Tan Haining, Yang Shenglin, Feng You, Liu Chunhui, Cao Jichao, Mu Guoying, Wang Fengshan
Institute of Biochemical and Biotechnological Drug, School of Pharmaceutical Science, National Glycoengineering Research Center, Shandong University, and Jinan Central Hospital and Clinical Medical College of Shandong University, Jinan, China.
J Biochem. 2008 Aug;144(2):207-13. doi: 10.1093/jb/mvn060. Epub 2008 May 7.

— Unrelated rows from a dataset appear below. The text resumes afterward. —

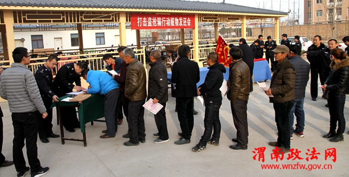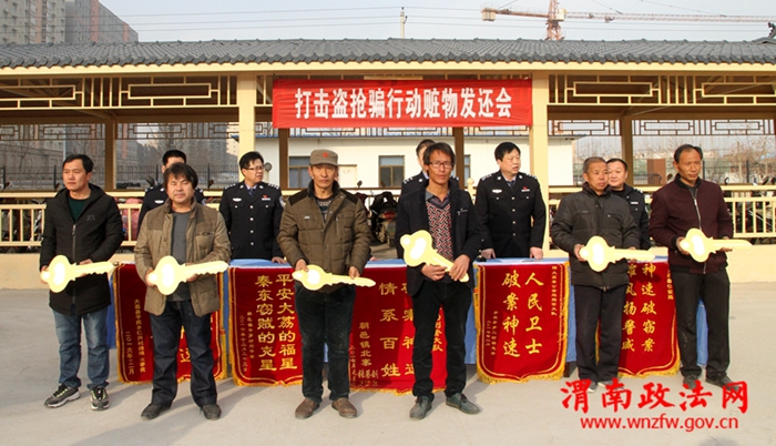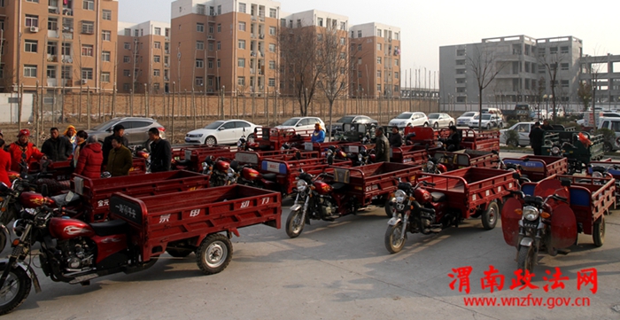 渭南政法网(特约通讯员李晓艳 张全才)2月17日上午,大荔县公安局在机关大院召开赃物发还会,将破案追回的27辆三轮车发还受害人。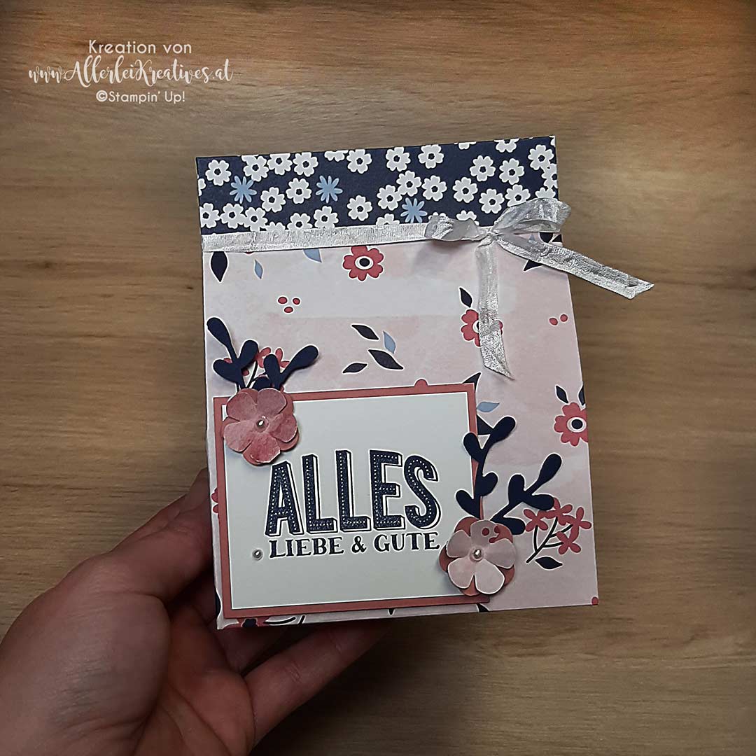 Designerpapier „Papierblüten“ (aus der Sale-A-Bration Aktion) gewerkt.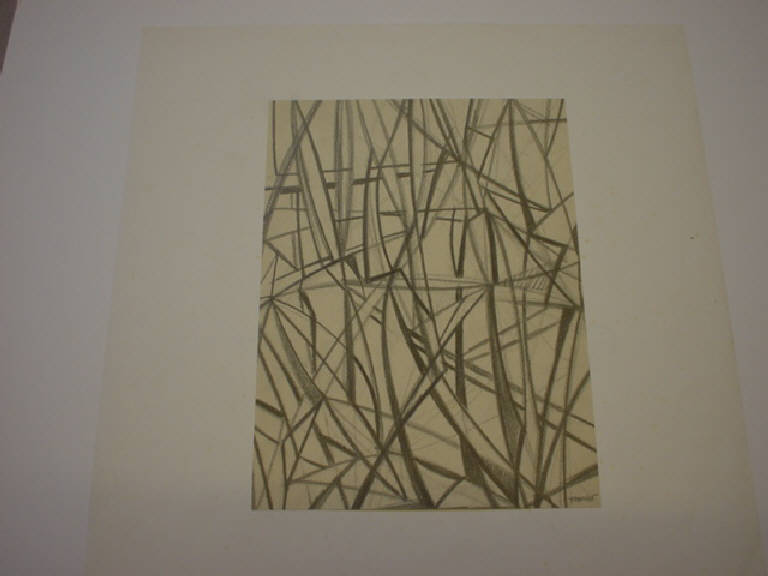 L'intero piano rettangolare del foglio è stato campito con linee curve, ad andamento paraboloide, e con linee diagonali che si intersecano formando un reticolato complesso ed irregolare per morfologia e rapporti proporzionali.

Endostatin (ES), as an angiogenesis inhibitor, has been approved by the State Food and Drug Administration (SFDA) in China for the treatment of patients with non-small-cell lung cancer. However, as a protein drug, there are a lot of obstacles on its clinical application, such as need of high dose to maintain its efficacy, expensive and poor stability, etc and limits its clinical use. In order to overcome these shortcomings, we chemically modified ES by polyethylene glycol and low molecular weight heparin (LMWH), respectively. The changes of the secondary structure of the modified products were studied by Fourier transform infrared spectroscopy and Circular dichroism spectra to obtain better ES derivatives. Our study demonstrated that the modified products have a better heat tolerance than ES towards. The result of secondary structure analysis suggests the percentage of beta-turn in whole protein is an important factor on the activity and heat stability and ES modified by LMWH can maintain higher activity and its secondary structure.
内皮抑素(ES)作为一种血管生成抑制剂,已在中国获得国家食品药品监督管理总局(SFDA)批准,用于治疗非小细胞肺癌患者。然而,作为一种蛋白质药物,其临床应用存在诸多障碍,如需要高剂量以维持疗效、价格昂贵且稳定性差等,限制了其临床使用。为了克服这些缺点,我们分别用聚乙二醇和低分子量肝素(LMWH)对ES进行了化学修饰。通过傅里叶变换红外光谱和圆二色光谱研究了修饰产物二级结构的变化,以获得更好的ES衍生物。我们的研究表明,修饰产物比ES具有更好的耐热性。二级结构分析结果表明,整个蛋白质中β-转角的百分比是影响活性和热稳定性的重要因素,LMWH修饰的ES能保持较高的活性及其二级结构。